In the classification context, the choice of \(g_i\) is crucial. In fact, in the recognition process, g has to be chosen, such that the original data are mapped in separated regions of the features space. In other words, the researcher assumes that in the feature space, data diversify better than in the original space.

The accuracy of activity recognition approaches dramatically depends on the choice of the features [55].

In the literature, the way features \(g_i\) are extracted is divided into two main categories: hand-crafted features and learned features.

6.1 Hand-crafted features

Hand-crafted features are the most used features in HAR [61,62,63]. The term “hand-crafted” refers to the fact that the features are selected from an expert using heuristics.

Hand-crafted features are themselves generally split in time-domain and frequency-domain features. The signal domain is changed from time to frequency based on the Fourier transformation.

Table 1 shows some of the most used time-domain and frequency-domain features.

Table 1 Hand-crafted features in time domain and frequency domain. FFT(f) is the Fourier transformation of the signal f

Low computational complexity and calculation simplicity make hand-crafted features still a good practice for activity recognition.

Nevertheless, they present many disadvantages, such as a high dependency on the sensor choice and the reliance on the expert knowledge. Hence, a different set of features need to be defined for each different type of input data, that is, accelerometer, gyroscope, time domain, and frequency domain. In addition, hand-crafted features highly depend on experts’ prior knowledge and manual data investigation and it is still not always clear which features are likely to work best.

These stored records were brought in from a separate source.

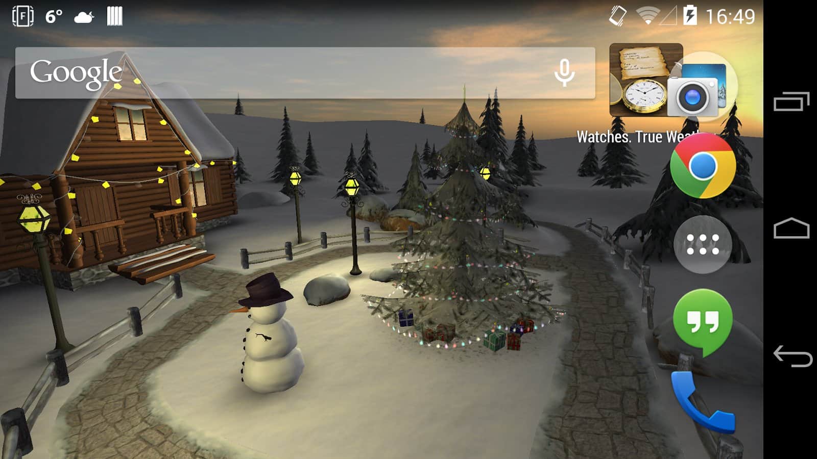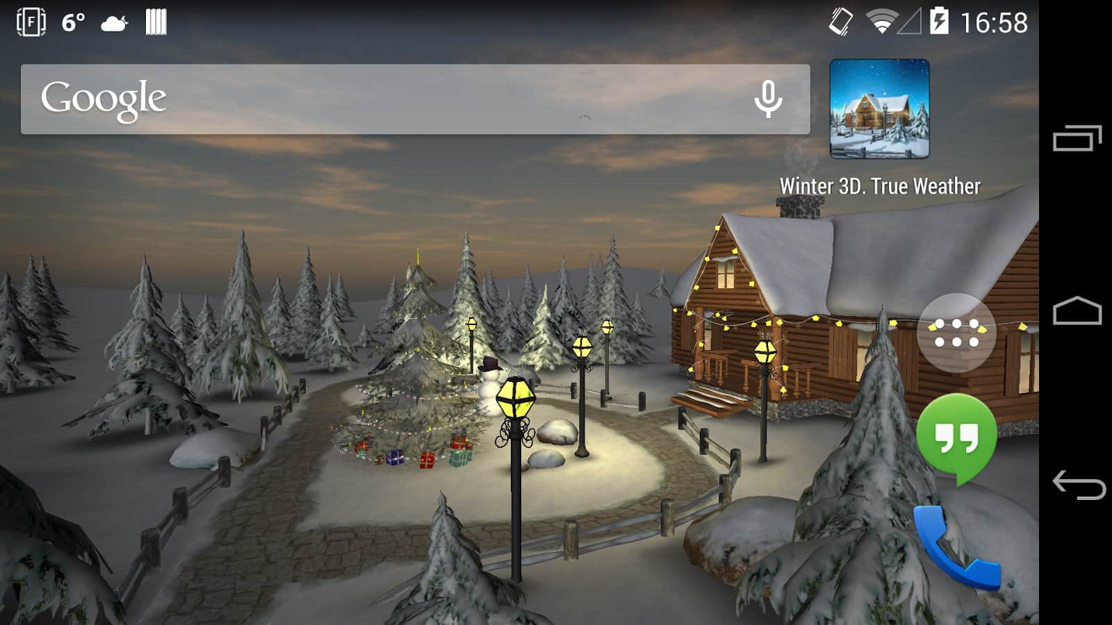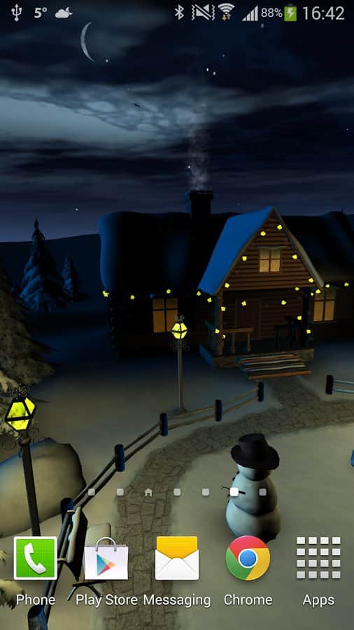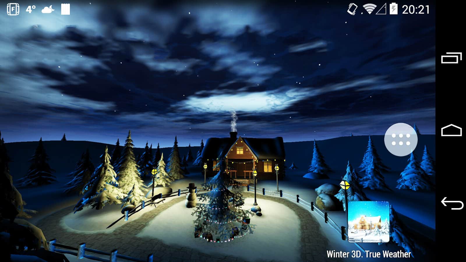 Winter 3D, True Weather – новогодние живые обои на андроид, будут как никогда кстати в преддверии нового года. Домик зимой, который уже украшен и подготовлен к новому году. Возле домика стоит нарядная ёлочка и снеговик. Обои могут похвастаться приятной красивой графикой, которая будет радовать обладателей этих обоев.
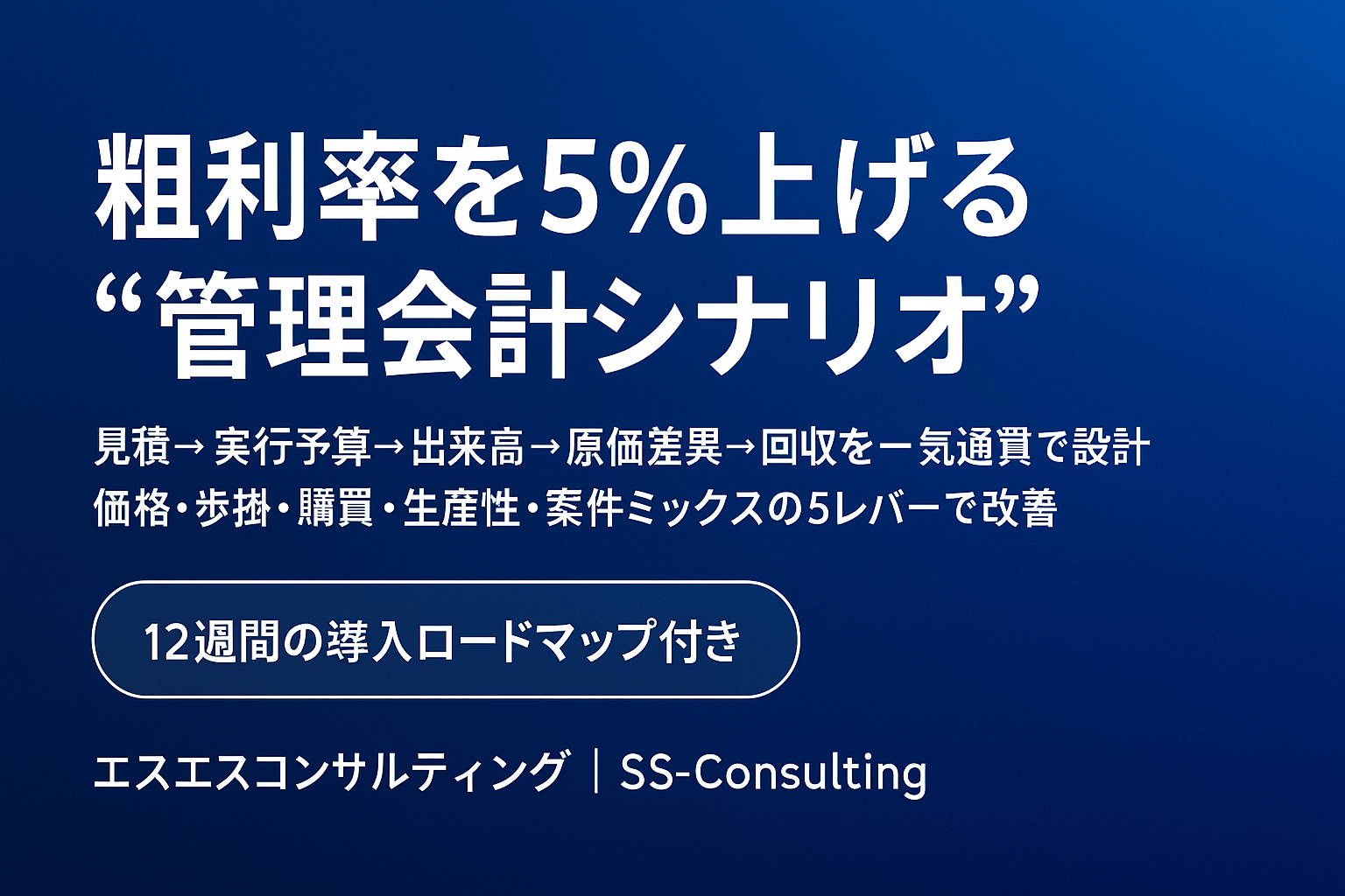 見積・歩掛・購買・出来高・原価差異・回収を一本のシナリオでつなぎ、建設業の粗利率を着実に+5%改善するための実践ガイド。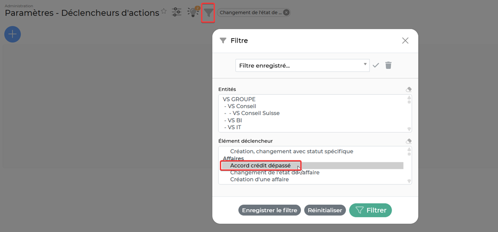 Afin d'être averti en temps réel quand un accord crédit est dépassé, nous avons ajouté un déclencheur d'action qui sera joué à la CREATION d'une affaire de ce client.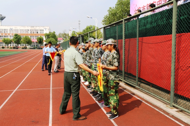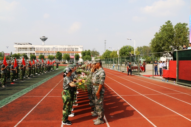 张伟胜同志代表学校向六安市青少年国防教育服务中心教官王宇同志赠送了锦旗,各班学生代表向25名军训教官敬献了鲜花。
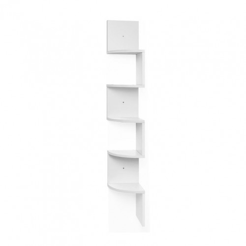 Rohová závesná polica, biela, 5 políc, 20×127 cm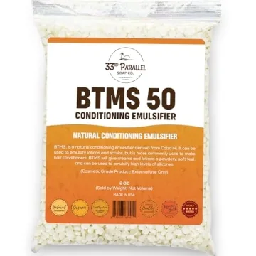 Show more33rd PARALLEL's BTMS 50 is the ultimate emulsifying solution for your cosmetic needs, delivering unmatched versatility in both skin and hair applications. This gentle, yet powerful conditioning agent is crafted from 100% natural plant-derived ingredients, ensuring you work with nothing but the best for your formulations. Each 2-ounce package provides the necessary functionality and quality expected from a premium cosmetic product. With its superb emulsifying capabilities, BTMS 50 ensures that your products remain creamy and consistent, providing exceptional moisture and smoothness to hair and skin alike. Users rave about its silky feel and how it enhances the texture of various formulations, including conditioners, shampoos, creams, and more, making it a staple in luxury cosmetic crafting.

It is a common practice to chose the features through empirical evaluation of different combinations of features or with the aid of feature selection algorithms [64].

6.2 Learned features

The goal of feature learning is to automatically discover meaningful representations of raw data to be analyzed [65].

According to [66], the main features learning methods from sensor data are the following:

  • Codebooks [67, 68] considers each sensor data window as a sequence, from which subsequences are extracted and grouped into clusters. Each cluster center is a codeword. Then, each sequence is encoded using a bag-of-words approach using codewords as features.

  • Principal Component Analysis (PCA) [69] is a multivariate technique, commonly used for dimensionality reduction. The main goal of PCA is the extraction of a set of orthogonal features, called principal component, which are linear combination of the original data and such as the variance extracted from the data is maximal. It is also used for features selection.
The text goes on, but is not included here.